Note: This post is outdated: while the concepts are still the same, deploying CF has become much more easy over the last years, so don’t use this text to do an actual deployment unless you want to deploy like it’s 2015.

Let me start by stating Cloud Foundry (CF) is an amazing platform once it’s fully installed and operational. However, installing it for the first time on your own infrastructure can be quite overwhelming since:

  • CF is installed with BOSH which is an awesome tech, but with has a high inception level learning curve (more later)
  • the documentation on deployment manifest generation out there is mostly outdated, sometimes wrong and never complete (pieces everywhere)
  • there is hardly any available documentation on error scenarios (what to do when you see Error “XYZ”)

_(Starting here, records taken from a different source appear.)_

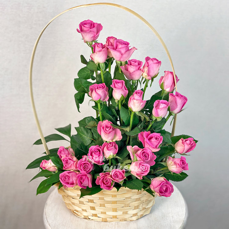 30 розовых роз в корзине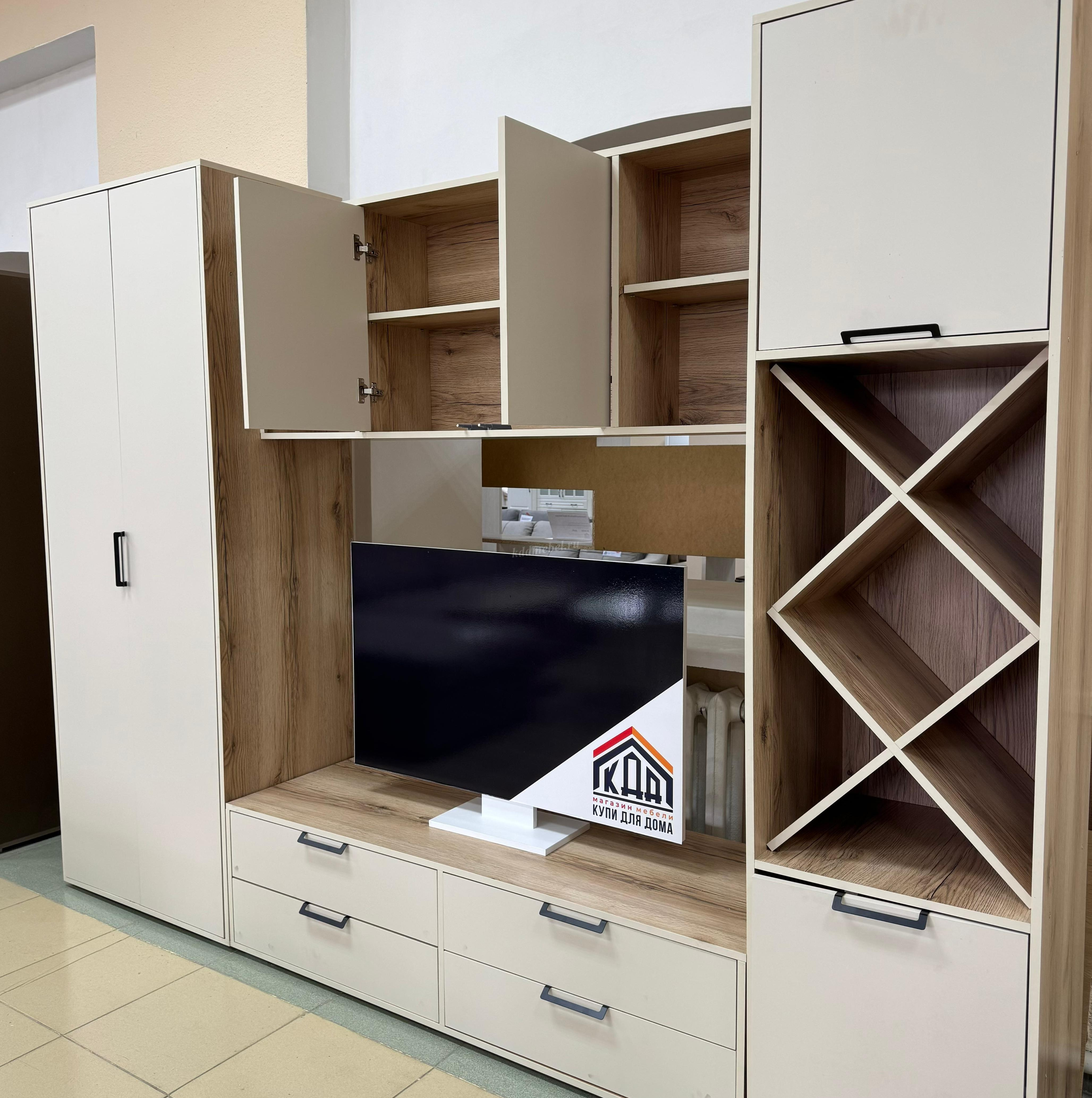 Описание Гостиная Оливия (Дуб делано светлый/Сатин)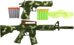 Αυτό το σετ για μικρούς σκοπευτές προσφέρει ό,τι χρειάζεται για ένα δυναμικό και ταυτόχρονα ασφαλές παιχνίδι. Η καραμπίνα είναι εξοπλισμένη με αποσπώμενο σκοπευτικό για πιο ακριβές σημάδι, το πιστόλι είναι κατάλληλο για γρήγορη δράση και τα αφρώδη βλήματα εξασφαλίζουν ασφαλή χρήση. Τα προστατευτικά γυαλιά περιλαμβάνονται στη συσκευασία για ακόμη μεγαλύτερη ασφάλεια στο παιχνίδι.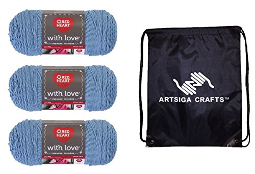 - Bundle Includes 3-Pack of Red Heart With Love Yarn Bluebell E400-1805 with 1 Artsiga Crafts Project Bag

It’s most convenient to go for a commercial version of Cloud Foundry, for instance the Pivotal CF offering, which ‘just works’ comes with support and is more noob friendly (it has GUIs). In the enterprise world there is a real business case to be made here - compare it to RedHat Linux with support over any vanilla Linux - but small/mid businesses this case is harder to make.

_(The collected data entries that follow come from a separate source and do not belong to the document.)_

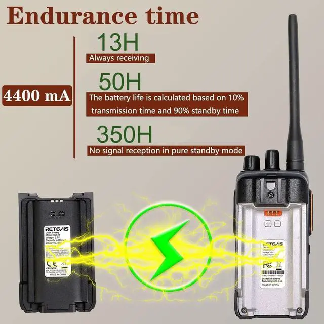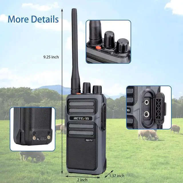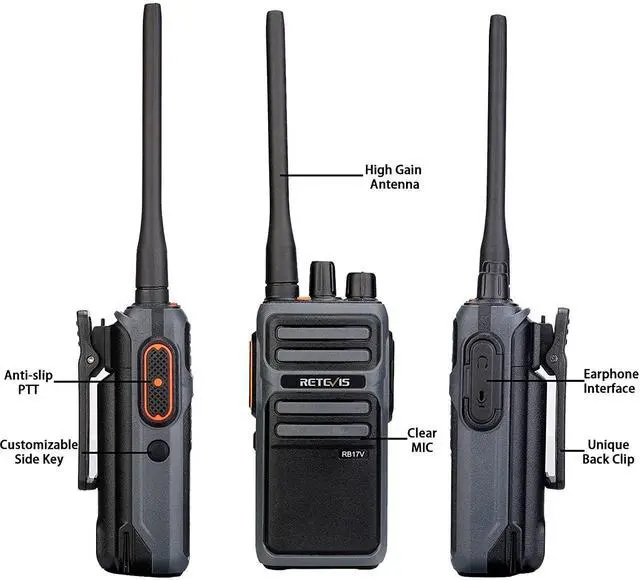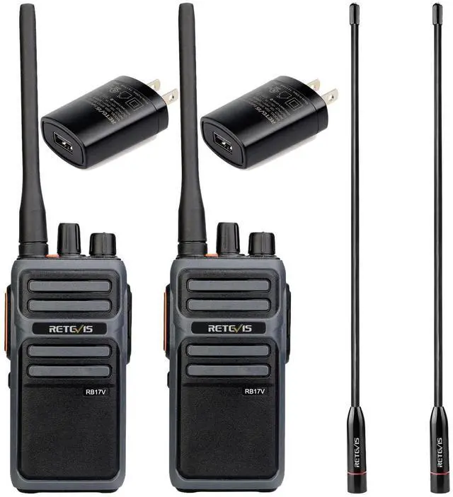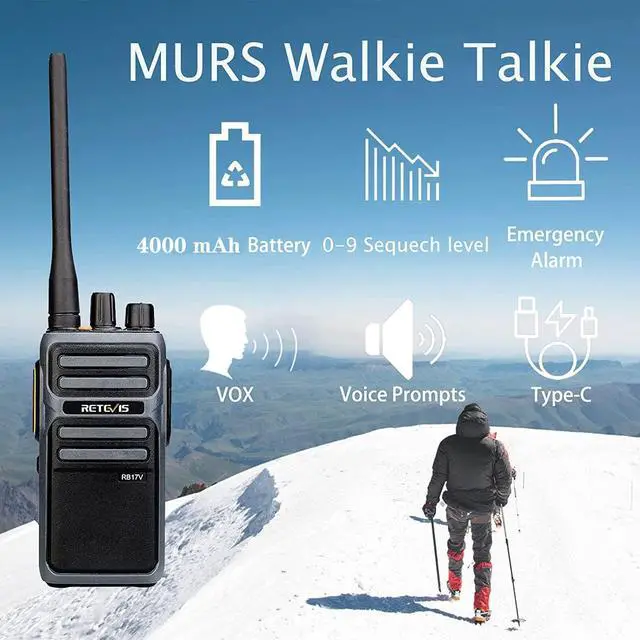 MURS walkie talkie; RB17V MURS walkie talkie can only communicate with murs walkie talkie of Retevis; if you need to talk to other brands of MURS walkie talkies; you can contact us via mail; we provide free firmware ^^ Detachable long antenna; extendable high gain antenna can be connected externally; get farther range in outdoor open environment and some remote rural areas; suitable for farms; ranches; hunting ^^ License-free; MURS walkie-talkies have 5 channels and are less crowded; you can get a better conversation experience and can reach farther in open areas outdoors ^^ Long life battery; 4400mAh rechargeable lithium battery; up to 50 hours of battery life; can last up to 14 days in standby-only mode; USB-C port is very convenient to charge ^^ VOX function allows you to operate hands-free; firmware activation requiredplease contact us via mail; we provide free firmware
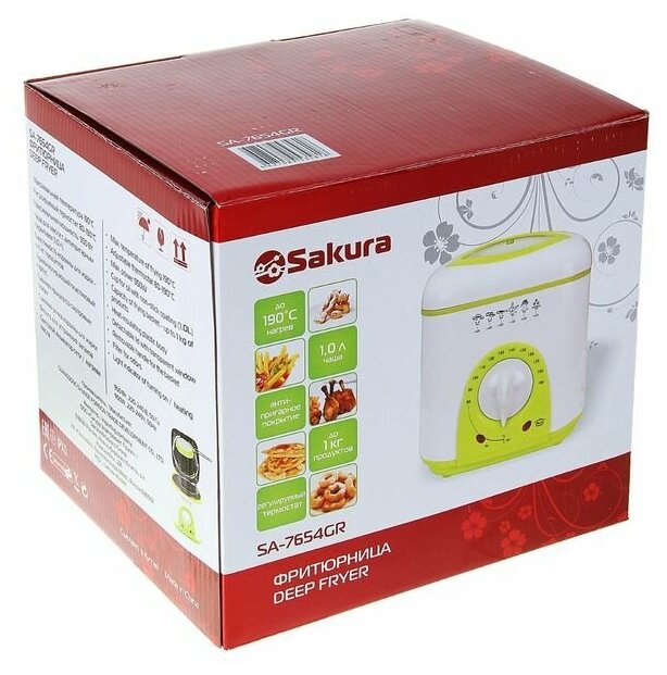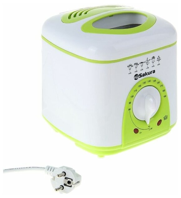 Фритюрница SA-7654GR, 950 Вт, 750 мл, антипригарное покрытие, фильтр, бело-салатовая интересное: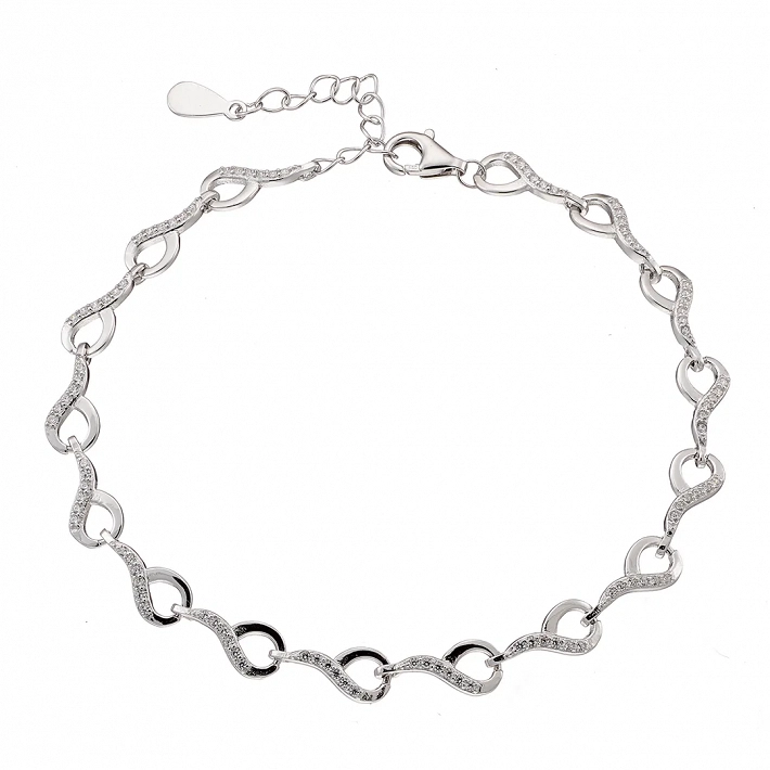 Oxzen γυναικείο βραχιόλι ασημένιο με λευκά ζιργκόν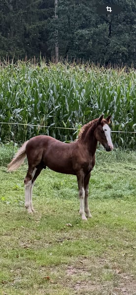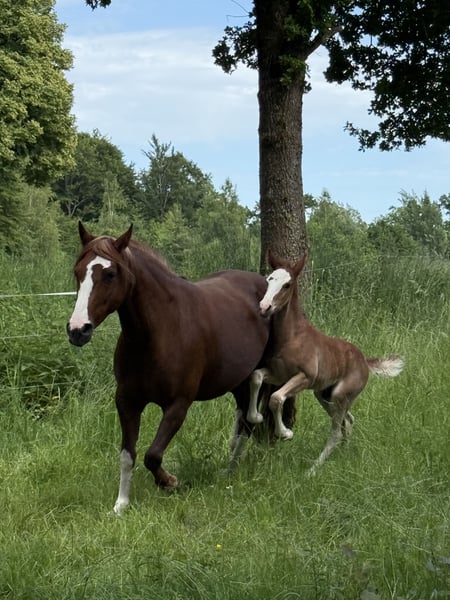 Davino is special because he has a thumbs-up mark on his forehead. He is typy and strongly built, already well-muscled, and will cover his rider well in all disciplines. His father is Donatello vom HS Corral, and his mother is Anchuna HS, who is descended from the elite stallion Negro Nostalgioso and has been living with me as a family member since weaning. Davino is still growing up naturally in the herd in a loose housing system, but he is already familiar with everyday things like people, dogs, tractors, cars, yard loaders, scooters, etc. My horses do not know boxes, and I wish for them to continue living in a loose housing system with herd connection. He has already started to play alone with his friend and is becoming more confident and curious every day. Weaning is possible at the earliest in October. He could move out at the earliest in November. We would appreciate nice inquiries with a short info about the housing, plans, etc. If you have any questions, feel free to reach out.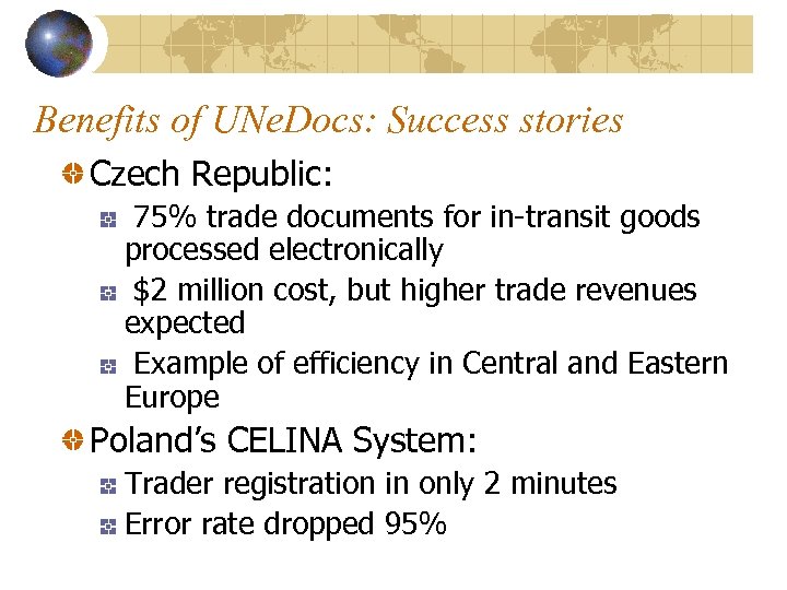 Benefits of UNe. Docs: Success stories Czech Republic: 75% trade documents for in-transit goods processed electronically $2 million cost, but higher trade revenues expected Example of efficiency in Central and Eastern Europe Poland’s CELINA System: Trader registration in only 2 minutes Error rate dropped 95%

So below you’ll find a comprehensive overview of the deployment process, followed by the actual steps to get vanilla open source CF going. The infrastructure used here is VMware vSphere, but the steps are largely infrastructure agnostic.

Prerequisites

Hosts

Minimum/recommend hardware requirements are updated constantly, and depend on usage. I installed it on an ESXi 6.0 host (managed by vCenter Server) with the following specs:

  • 64GB RAM
  • 700GB storage
  • Xeon E5-2620 v2 (6 core/12 threads)
  • 2 network cards

Especially on the storage side this was pushing it (had to redeploy a few times before success), so I’d advice going for 96GB RAM + > 1TB storage. The CPU was quite sufficient for deploying and running Cloud Foundry itself, but may need to scale depending on the workloads you intend to land on the platform.

Infrastructure

  • For connectivity we need two free /24 network subnets (public and private) with a gateway to the rest of the world.
  • We need a DNS wildcard record to the CF subdomain. For instance if your internal domain is ’lab.local’, add a ‘*.cf.lab.local’ record pointing to somewhere in the public subnet. This ‘somewhere’ is the IP of the loadbalancer. In production environments, this could be a physical machine, but by default the CF deployment will come with a HAProxy machine.
  • As vCenter is used to manage the IaaS in this case, we’ll need a user with certain privileges (for my test setup I just used the vCenter admin).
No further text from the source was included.